What you should do:
Once the line with "Kít thí nghiệm" is found in the data, output it and each following line exactly, up to and including the line with "Add a touch", and nothing before or after.

Available data:

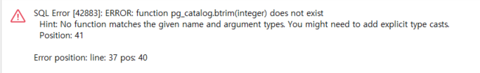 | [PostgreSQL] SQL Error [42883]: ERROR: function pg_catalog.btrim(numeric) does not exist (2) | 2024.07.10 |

==

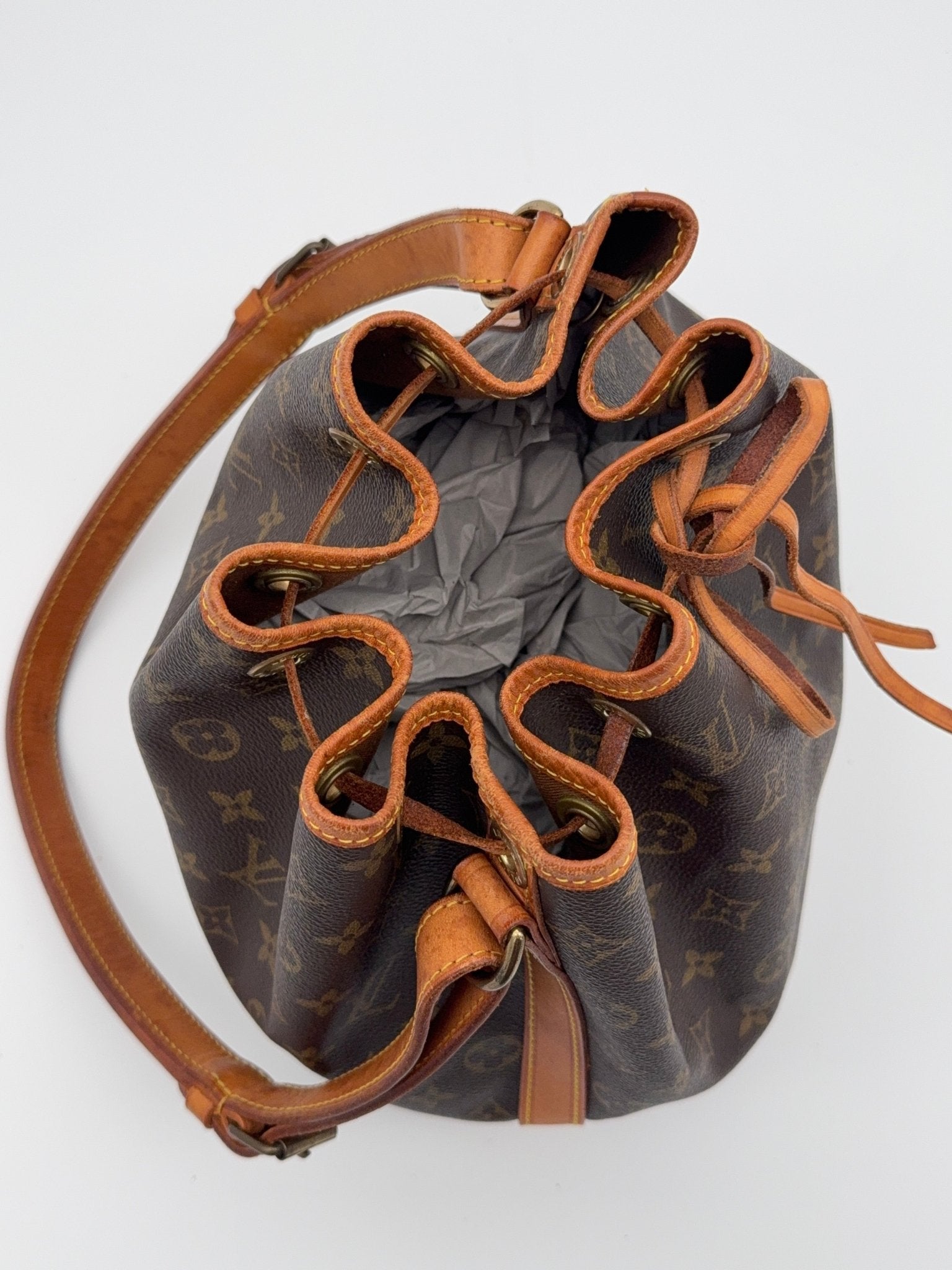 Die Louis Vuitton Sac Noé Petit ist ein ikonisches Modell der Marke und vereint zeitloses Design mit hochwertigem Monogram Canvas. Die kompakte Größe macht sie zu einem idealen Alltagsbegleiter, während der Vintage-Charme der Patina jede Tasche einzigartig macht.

...

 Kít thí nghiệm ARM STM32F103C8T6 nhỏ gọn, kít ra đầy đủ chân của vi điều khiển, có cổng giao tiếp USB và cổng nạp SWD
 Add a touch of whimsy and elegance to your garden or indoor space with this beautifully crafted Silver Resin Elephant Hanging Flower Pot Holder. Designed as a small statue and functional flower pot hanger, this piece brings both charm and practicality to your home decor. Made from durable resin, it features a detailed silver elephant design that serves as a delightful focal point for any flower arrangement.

Exercise response:
 Kít thí nghiệm ARM STM32F103C8T6 nhỏ gọn, kít ra đầy đủ chân của vi điều khiển, có cổng giao tiếp USB và cổng nạp SWD
 Add a touch of whimsy and elegance to your garden or indoor space with this beautifully crafted Silver Resin Elephant Hanging Flower Pot Holder. Designed as a small statue and functional flower pot hanger, this piece brings both charm and practicality to your home decor. Made from durable resin, it features a detailed silver elephant design that serves as a delightful focal point for any flower arrangement.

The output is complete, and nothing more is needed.